Task to complete: Leave every picture out, then reproduce the rest of the listing exactly.

Provided data:
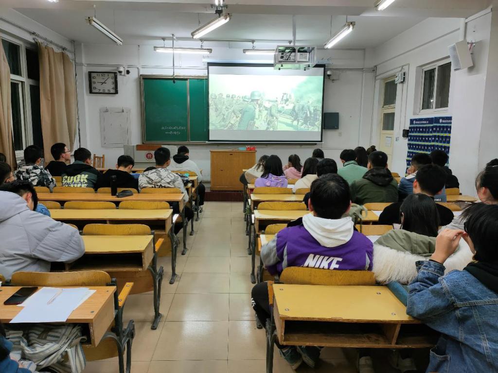 活动开始,大家一起观看了战争题材影片《八佰》,该片取材于1937年淞沪会战,讲述了被称作“八百壮士”的中国国民革命军第三战区88师524团的一个加强营,固守苏州河畔的四行仓库、阻止日军的故事。《八佰》带给我们的,不止是泪水,还有家国情怀。这八佰人,是真真正正的中国人,他们前行在血雾之中,唤醒了沉睡的、麻木的人民。八佰,不止是八佰人,更是八佰精神。令大家印象最为深刻的,是影片最后在废墟中踏出的带着血红色伤口的白驹,那匹白驹,它是希望,也是影片中灰暗天空下最耀眼的曙光,和四行仓库的八佰壮士一起,重新燃起中华民族的自豪,塑起中华民族永不屈折的脊梁!
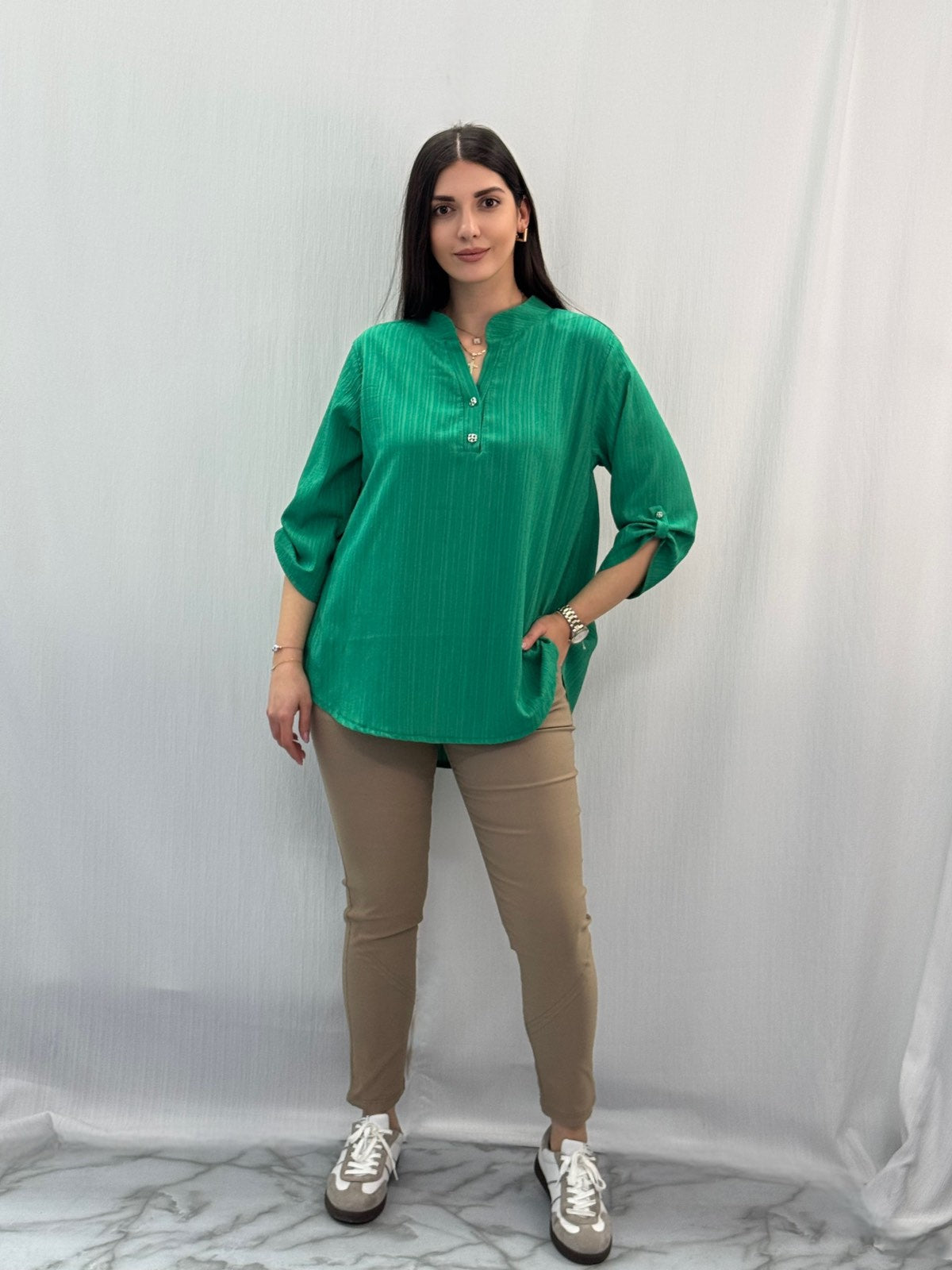 Ανανεώστε τη συλλογή σας με αυτή την κομψή πράσινη μπλούζα με κουμπάκια και γιακά mao. Διαθέτει 3/4 μανίκια με κουμπί, ιδανική για καθημερινή χρήση αλλά και για πιο επίσημες εμφανίσεις.
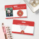 Le badge moderne rouge, or et blanc de pompier d'identification comporte une seule photo sur le devant, le numéro d'identification, le nom du service des incendies, le nom et le titre. Personnalisez avec votre propre logo et code à barres. Ajoutez les coordonnées sur le dos et votre logo. Pour modifier ce modèle, cliquez sur "customiser plus loin".
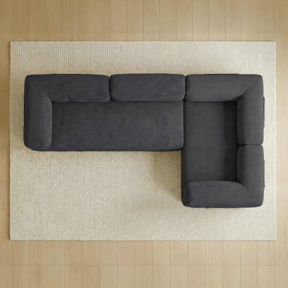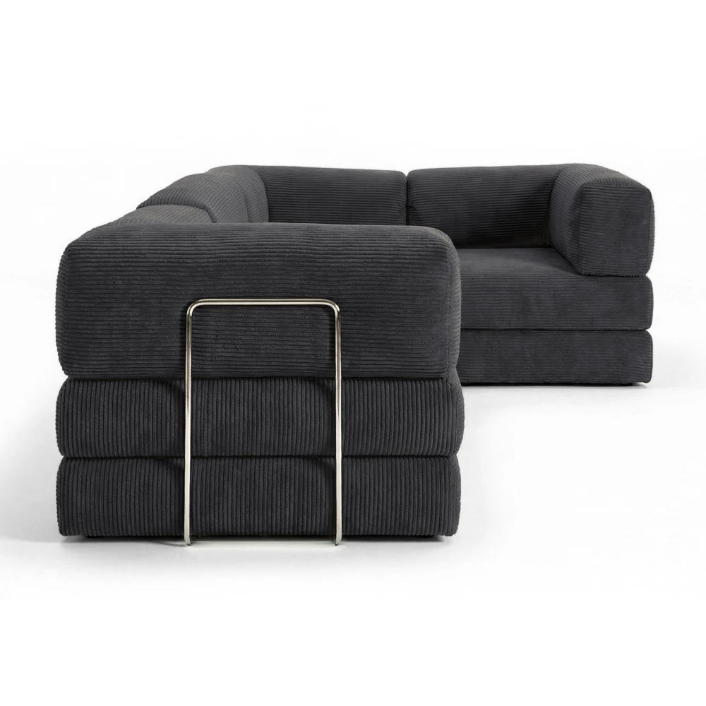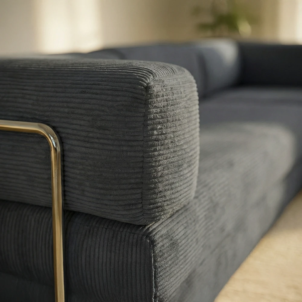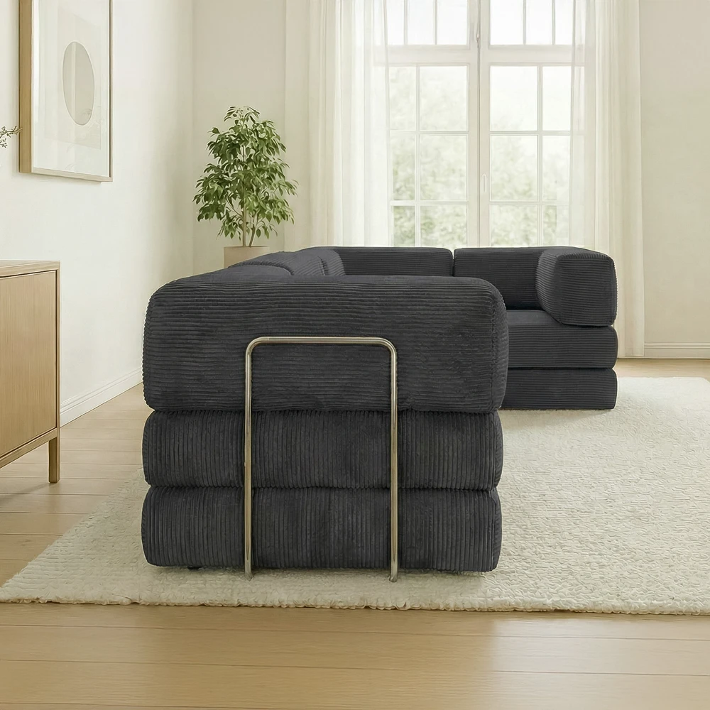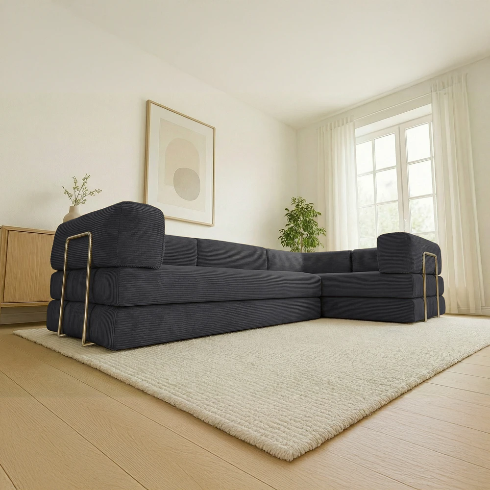 Le design est rehaussé par une structure métallique visible sur les accoudoirs, apportant une touche graphique discrète et moderne. Fonctionnel et esthétique, ce canapé d’angle devient également un couchage d’appoint confortable, parfait pour les intérieurs à la recherche de modularité.

Solution for this task:
 活动开始,大家一起观看了战争题材影片《八佰》,该片取材于1937年淞沪会战,讲述了被称作“八百壮士”的中国国民革命军第三战区88师524团的一个加强营,固守苏州河畔的四行仓库、阻止日军的故事。《八佰》带给我们的,不止是泪水,还有家国情怀。这八佰人,是真真正正的中国人,他们前行在血雾之中,唤醒了沉睡的、麻木的人民。八佰,不止是八佰人,更是八佰精神。令大家印象最为深刻的,是影片最后在废墟中踏出的带着血红色伤口的白驹,那匹白驹,它是希望,也是影片中灰暗天空下最耀眼的曙光,和四行仓库的八佰壮士一起,重新燃起中华民族的自豪,塑起中华民族永不屈折的脊梁!
 Ανανεώστε τη συλλογή σας με αυτή την κομψή πράσινη μπλούζα με κουμπάκια και γιακά mao. Διαθέτει 3/4 μανίκια με κουμπί, ιδανική για καθημερινή χρήση αλλά και για πιο επίσημες εμφανίσεις.
 Le badge moderne rouge, or et blanc de pompier d'identification comporte une seule photo sur le devant, le numéro d'identification, le nom du service des incendies, le nom et le titre. Personnalisez avec votre propre logo et code à barres. Ajoutez les coordonnées sur le dos et votre logo. Pour modifier ce modèle, cliquez sur "customiser plus loin".
 Le design est rehaussé par une structure métallique visible sur les accoudoirs, apportant une touche graphique discrète et moderne. Fonctionnel et esthétique, ce canapé d’angle devient également un couchage d’appoint confortable, parfait pour les intérieurs à la recherche de modularité.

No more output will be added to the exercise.